Krew do badania oreksyny A pobierano z żyły łokciowej, według obowiązujących zasad aseptyki, do probówek zawierających EDTA, a następnie odwirowywano (1600 rpm) przez 15 minut w tem. +4 st. C. Uzyskaną surowicę zabezpieczano w temperaturze - 70°C do momentu wykonania oznaczenia. U dzieci zdrowych krew do badania pobierano na czczo przy okazji wykonywania innych badań biochemicznych.

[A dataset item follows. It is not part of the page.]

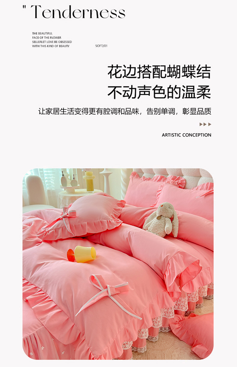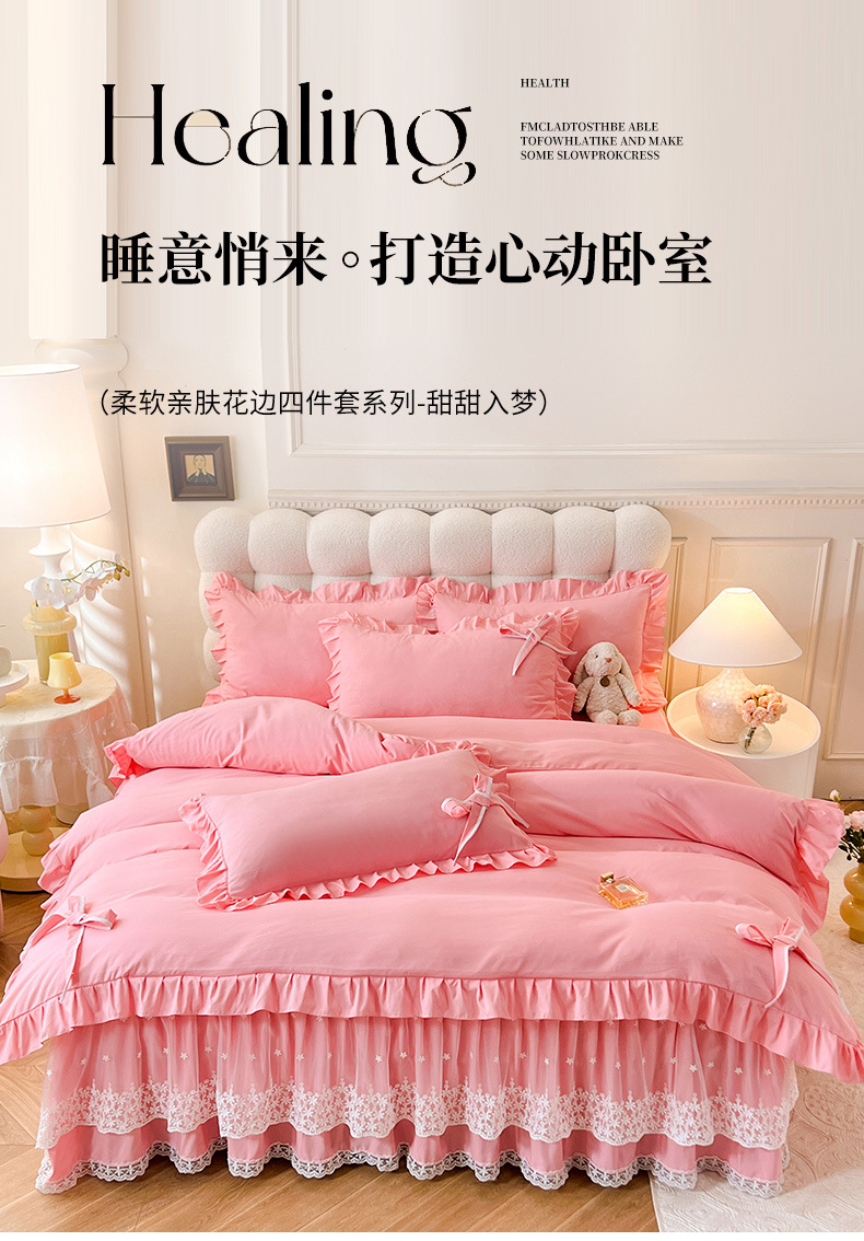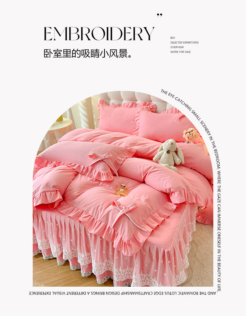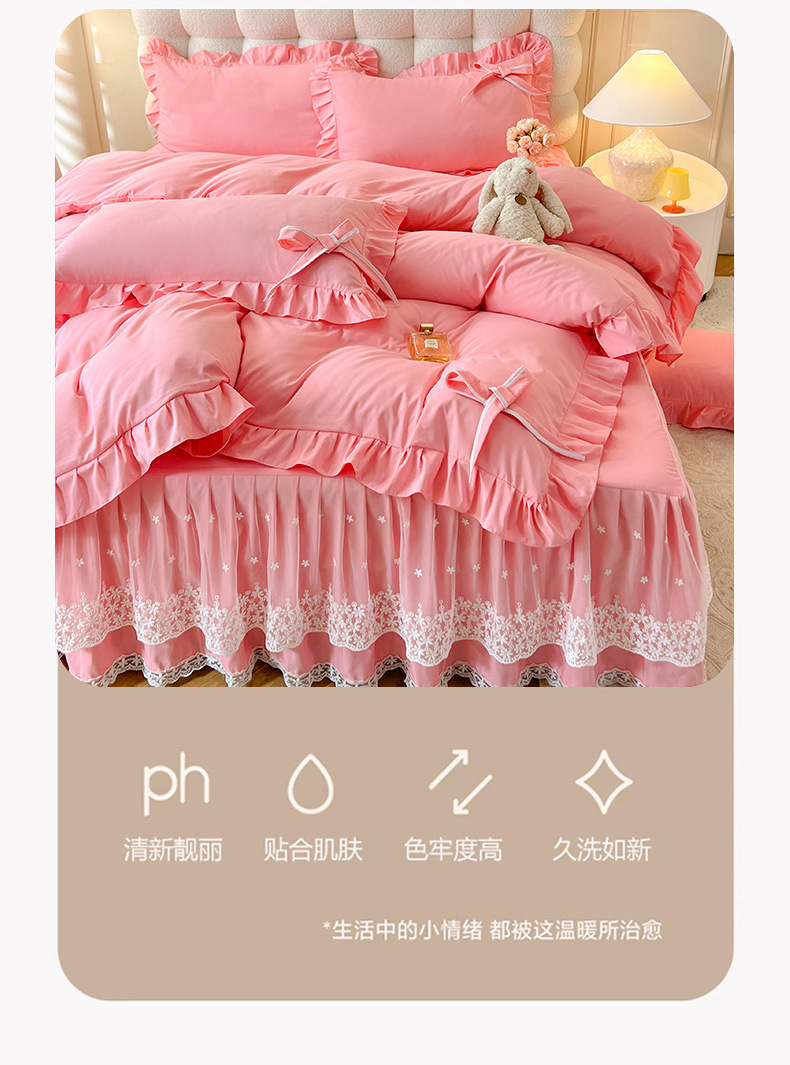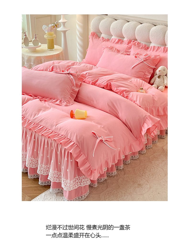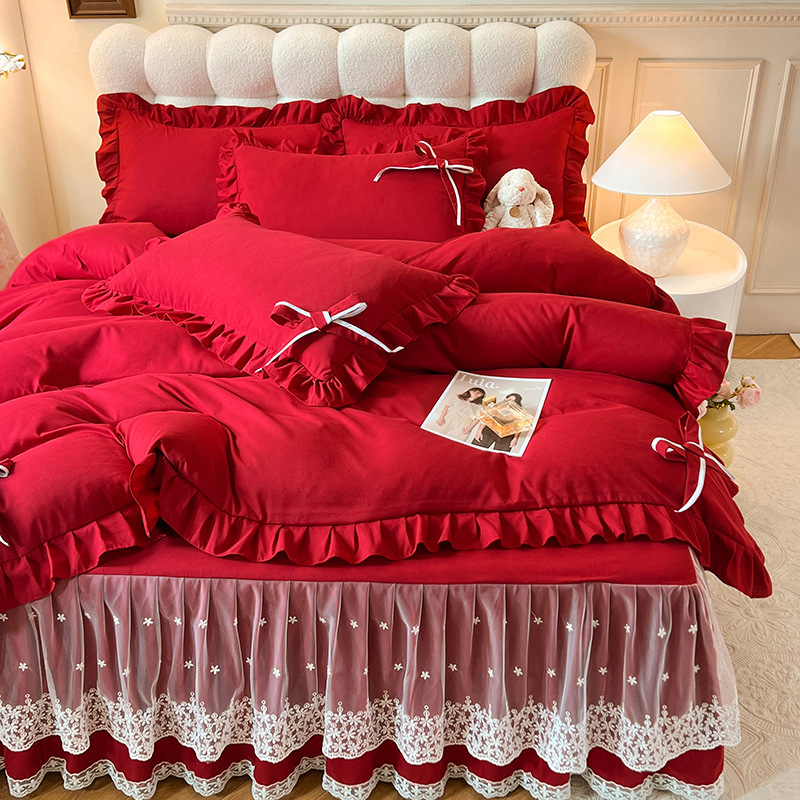 Роскошный мягкий и приятный для кожи комплект из четырех предметов с бантом и кружевом, доступный для трансграничных покупок — супермягкий хлопковый комплект с принтом в стиле юбки для кровати

Wszystkim pacjentom niskorosłym wykonano profil wydzielania GH po zaśnięciu (badanie w 0 oraz w 60, 90, 120, 150 i 180 minucie po zaśnięciu), a dzieciom, u których wynik GH w teście po zaśnięciu był < 10,0 ng/ml, wykonano dwa testy stymulacyjne • po podaniu glukagonu s.c. w dawce 0,03 mg/m2 w którym wydzielania GH oceniano w 0’, 90’, 120’, 150’, 180’ • po podaniu klonidyny p.o. w dawce 0,150 mg/m2 w którym wydzielania GH oceniano w 0’, 30’, 60’, 90’, 120’.
Dzieciom z niedoborem wzrostu oznaczono w surowicy krwi stężenia: oreksyny A (OxA), IGF-1, IGFBP-3 oraz stężenie glukozy na czczo.
W celu wykluczenia chorób endokrynologicznych oznaczono stężenia: TSH, FT4, ATPO, FSH, LH, PRL, poziomy kortyzolu o godz. 7.00 i 19.00, a w celu wykluczenia choroby trzewnej oznaczono stężenie transglutaminazy tkankowej w klasie IgA i IgG.
Oreksynę A (OxA) oznaczano metodą immunoenzymatyczną (EIA) przy użyciu zestawu EIA Kit firmy Phoenix Pharmaceuticals (Phoenix Pharmaceurticals, USA, Niemcy).
Insulinopodobny czynnik wzrostu (IGF-1) oznaczono metodą radioimmunologiczną, a wynik odniesiono do norm przyjętych dla wieku rozwojowego. Białko 3 wiążące IGF-1 (IGFBP-3) oznaczano metodą immunochemiluminescencyjną, a stężenie glukozy metodą enzymatyczną.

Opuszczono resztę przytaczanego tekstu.